- Hilliger National Park (●) is in the Shire of Nannup in the South West region
- Type: National park
- Location: South West region
- Coordinates: 34°14′40″S 115°39′07″E﻿ / ﻿34.244565°S 115.651951°E
- Area: 16,962 ha (41,910 acres)
- Established: 2004
- Administrator: Department of Biodiversity, Conservation and Attractions

= Hilliger National Park =

National park in Western Australia

Hilliger National Park is a national park in the South West region of Western Australia, 304 km south of Perth. It is located in the Shire of Nannup, with the Milyeannup National Park bordering to the north and the Easter National Park to the east. The park is located in the Jarrah Forest and Warren bioregions.

Hilliger National Park was created as Class A reserve No. 47668 on 30 November 2004 with a size of 16,962 hectare as one of nine national parks proclaimed in the state that day.
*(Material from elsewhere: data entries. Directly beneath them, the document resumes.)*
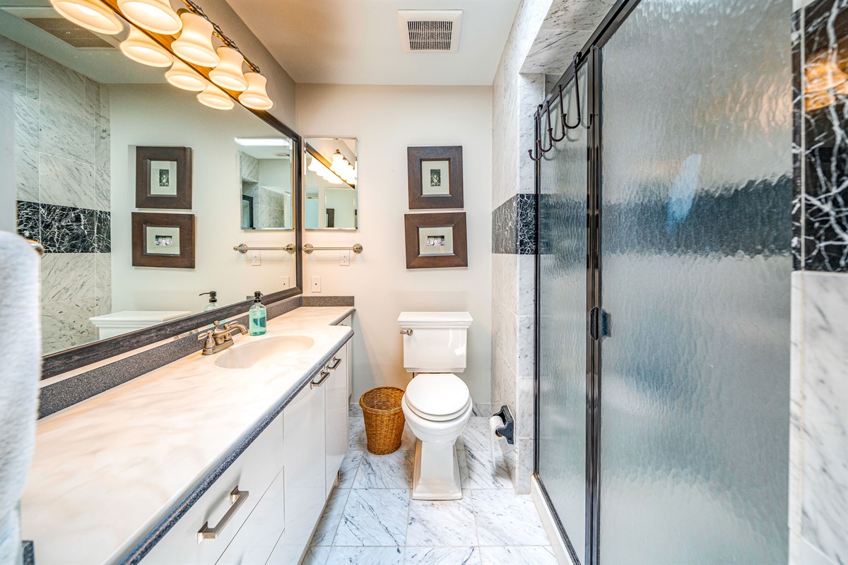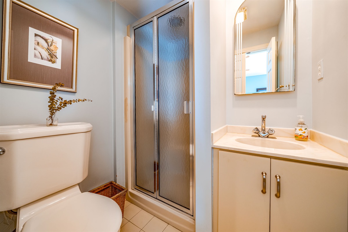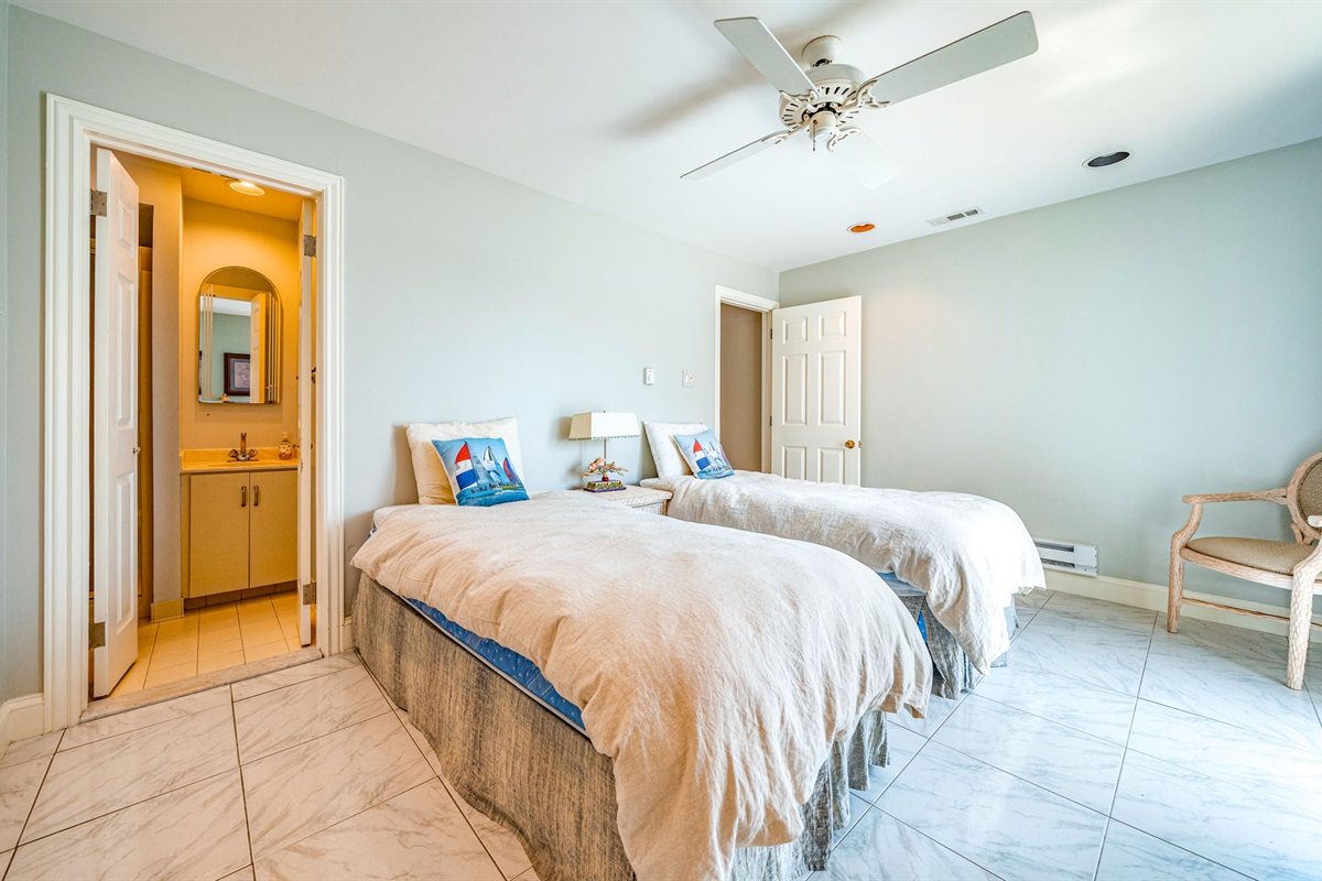 BR 1: Two twin beds (ground level) w/ ensuite full bath + walk-in shower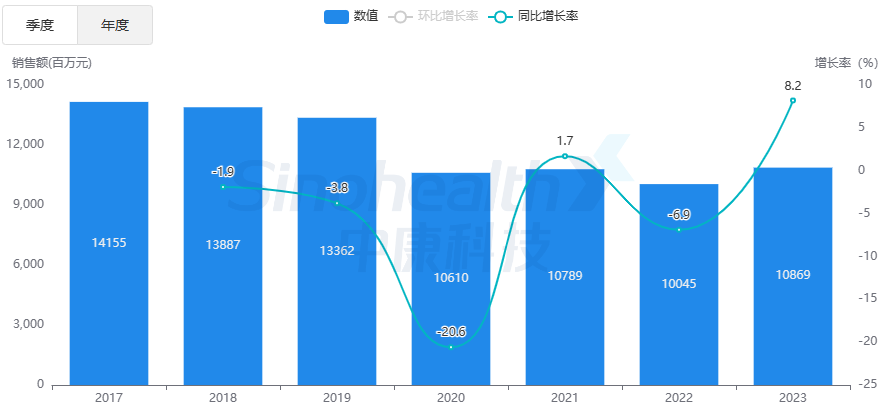 据中康开思系统显示,2023年肝病治疗药物在国内等级医院和零售市场销售总额达175亿元。其中,在国内等级医院销售额约109亿元,同比增长8.2%。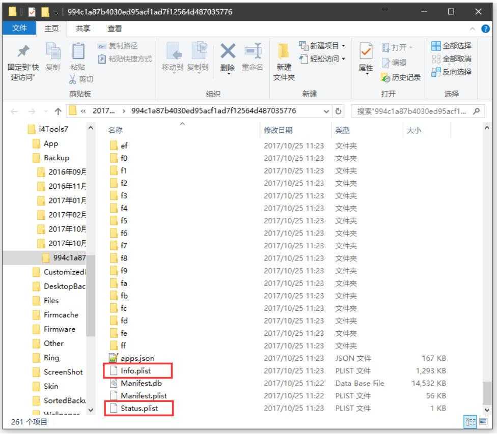 3、完成第一步和第二步之后,打开新备份的文件夹拉到最下面,找到“Info.plist”和“Status.plist”这两个文件,并复制到旧备份文件夹中;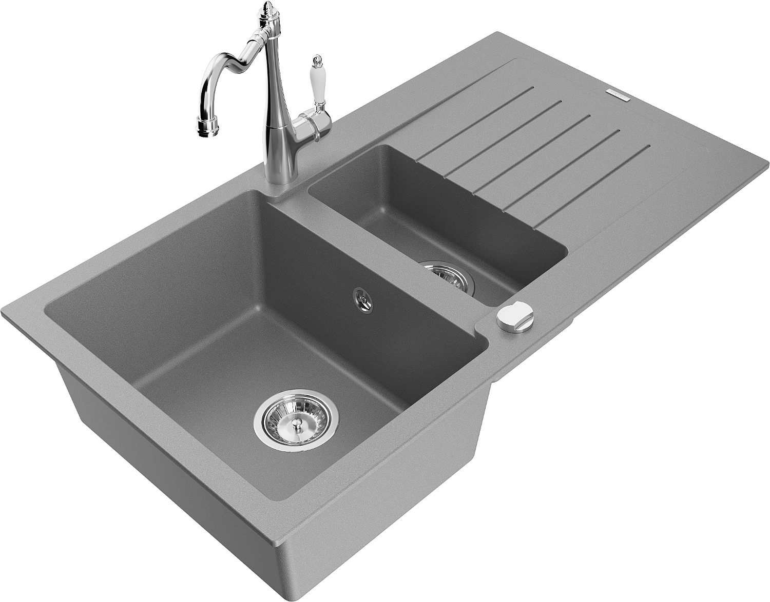 Mexen Matias lava-loiça de granito com 1,5 compartimentos com escorredor e torneira de cozinha Carla, cinzento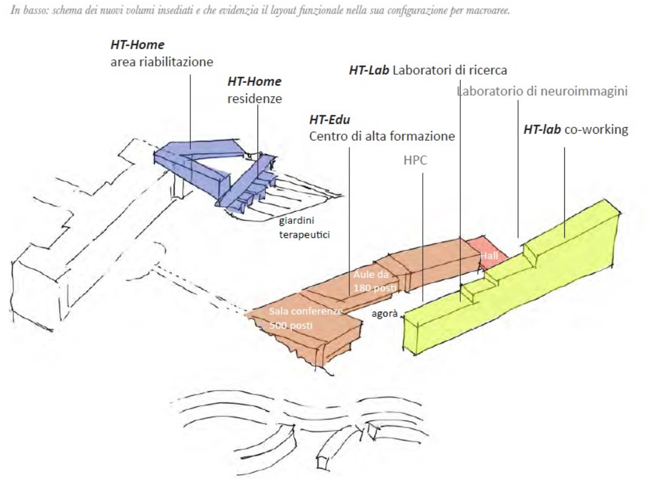 Nella fattispecie la struttura dell'Ascoli verrà demolita per costruire l'Httc (investimento previsto 65,101 milioni di euro del Pnrr per Biotecnologie, Tecnologie per la salute, Intelligenza artificiale, High performance computing e big data, Robotica). Troveranno spazio didattica e ricerca universitaria con laboratori di alta tecnologia su 19 mila mq e una struttura riabilitativa d'avanguardia per pazienti fragili affetti da patologie neurodegenerative su un'area di 1.000 mq.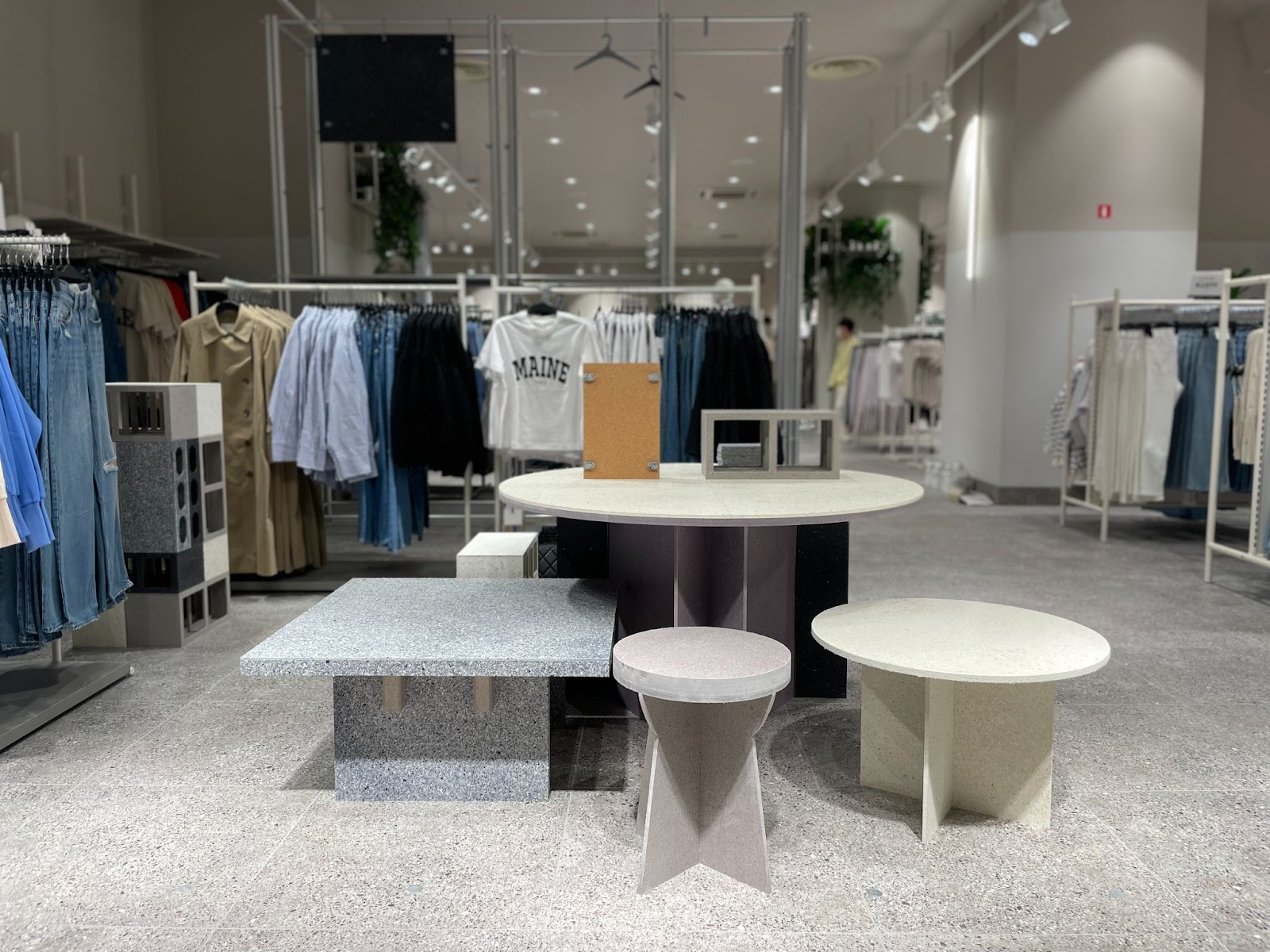 衣類特有の素材感が全面に感じられるように、木材などは使用せず全てPANECOで製作しました!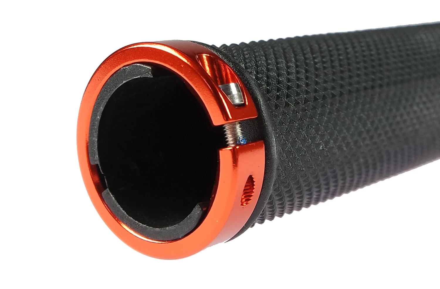 2 Klemmringe inkl. Schrauben ermöglichen das sichere Fixieren der Griffe am Lenker. Der Logoprint findet sich auf der inneren Aluminiumklammer der KTM-DIAMOND CLAMP Griff sowie auf den Endkappen.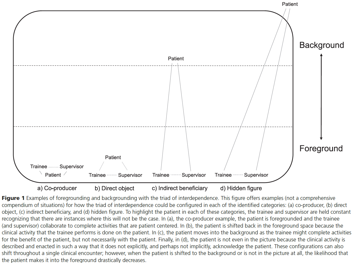 Contemplating the involvement of patients in these EPAs allowed us to consider what is associated with the patient being positioned differently. Figure 1 highlights, using visual illustrations, how each configuration of the triad of interdependence might look in EPAs. If we think about EPAs themselves as triangles and position patients, trainees, and supervisors at the corners of those triangles, you can see various ways the patient can be positioned. The patient can shift from being more in the foreground to more in the background based on changes in how we describe, enact, and assess a clinical activity. Rotation of patients, trainees, and supervisors around a clinical activity also occurs depending on the encounter itself and at various points of time throughout a given encounter. The conceptualization that patients, trainees, and supervisors can have unequal distances allows for a spectrum to exist, which suggests that movement between entities of the triad is also possible.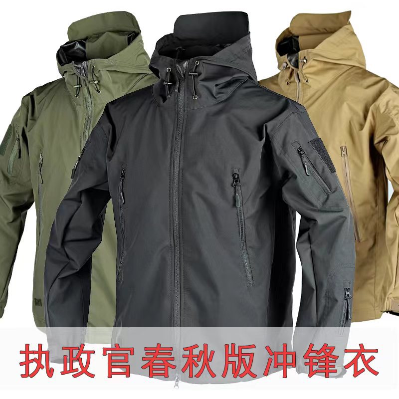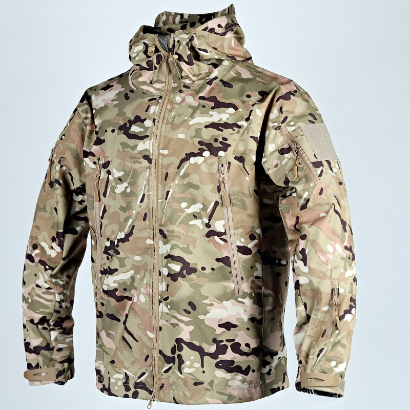 新款现货春秋战术夹克鲨鱼皮薄款风衣迷彩军迷连帽多口袋外套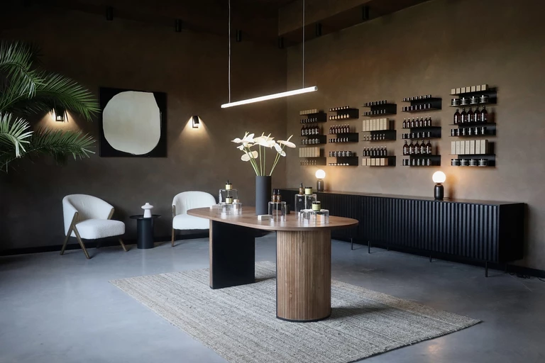 Minimalistyczne opakowania kosmetyków MOKOSH stanowiły punkt wyjścia, stąd brązy i czernie we wnętrzu jako dominująca baza kolorystyczna, podkreślająca tym samym produkty marki.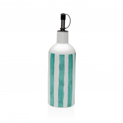 ACEITERA RAYAS TURQUESA Referencia: 20091351 Medidas: 6.1x6.1x21 cm. Material: Porcelana Packaging: Info: 0.277778 kg. 0.34 L Versa Backstamp Bulk pack Apto: Apto para uso alimentario
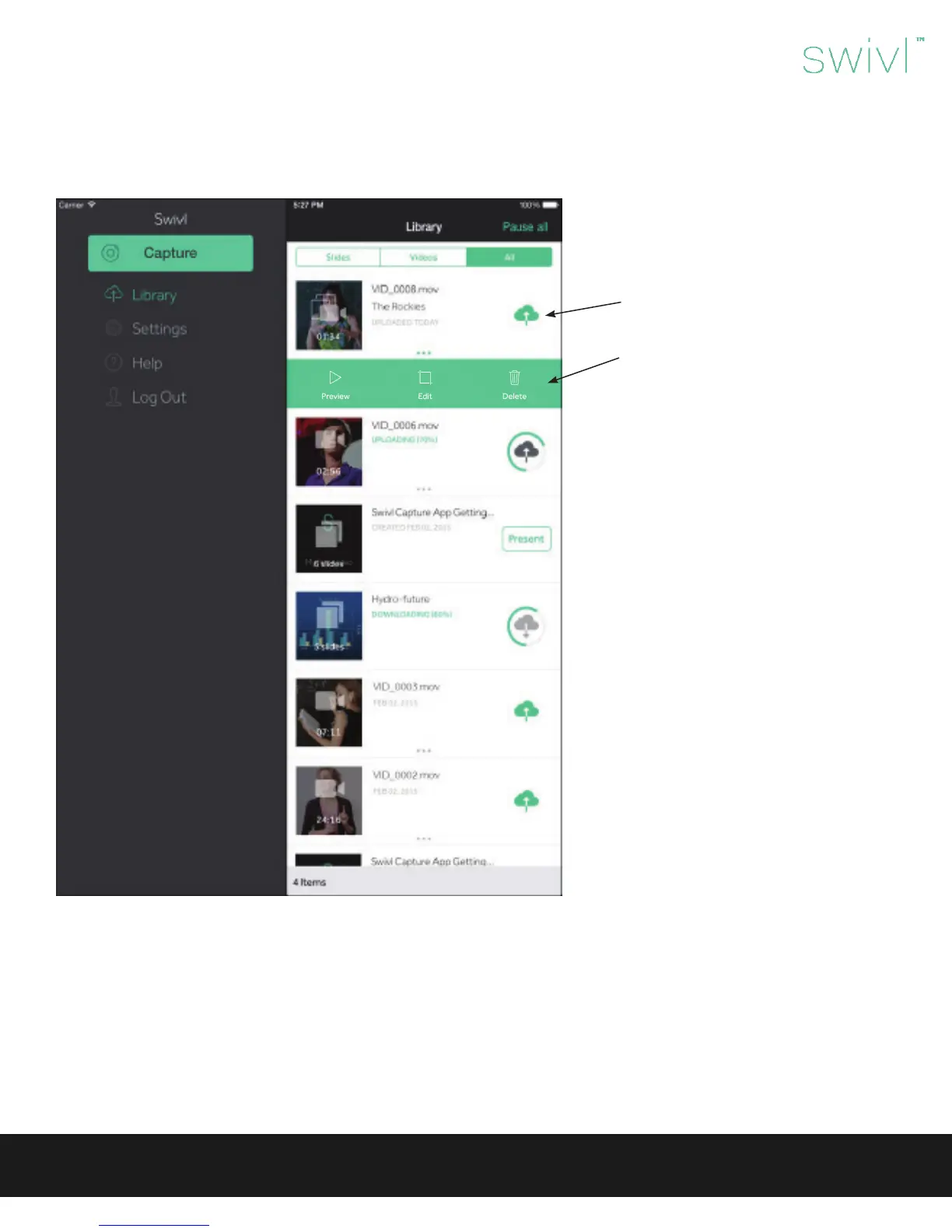 recommended that you upload videos to Swivl Cloud and then delete them from your device when possible. If you are sharing a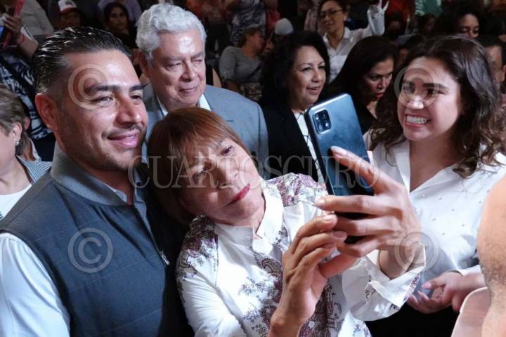 CIUDAD DE MÉXICO, 03ABRIL2024.- Caty Monreal, candidata a la alcaldía Cuauhtémoc, y Omar García Harfuch, candidato a senador, se tomaron selfies con vecinos de esta demarcación durante su llegada a una Asamblea en la Plaza Renato Leduc. FOTO: GRACIELA LÓPEZ /CUARTOSCURO.COM

The national park was named after Johannes Hilliger, a former employee of the Forests Department, who died fighting a bushfire at Barlee Brook in 1958. The Wiltshire-Butler National Park, further to the north-west, was named John Francis Wiltshire-Butler for the same reason, having also died fighting the 1958 fire. Four men died in the fire - Robert Henry Johnston, George McCorkill were the other two victims who are memorialised in Nannup.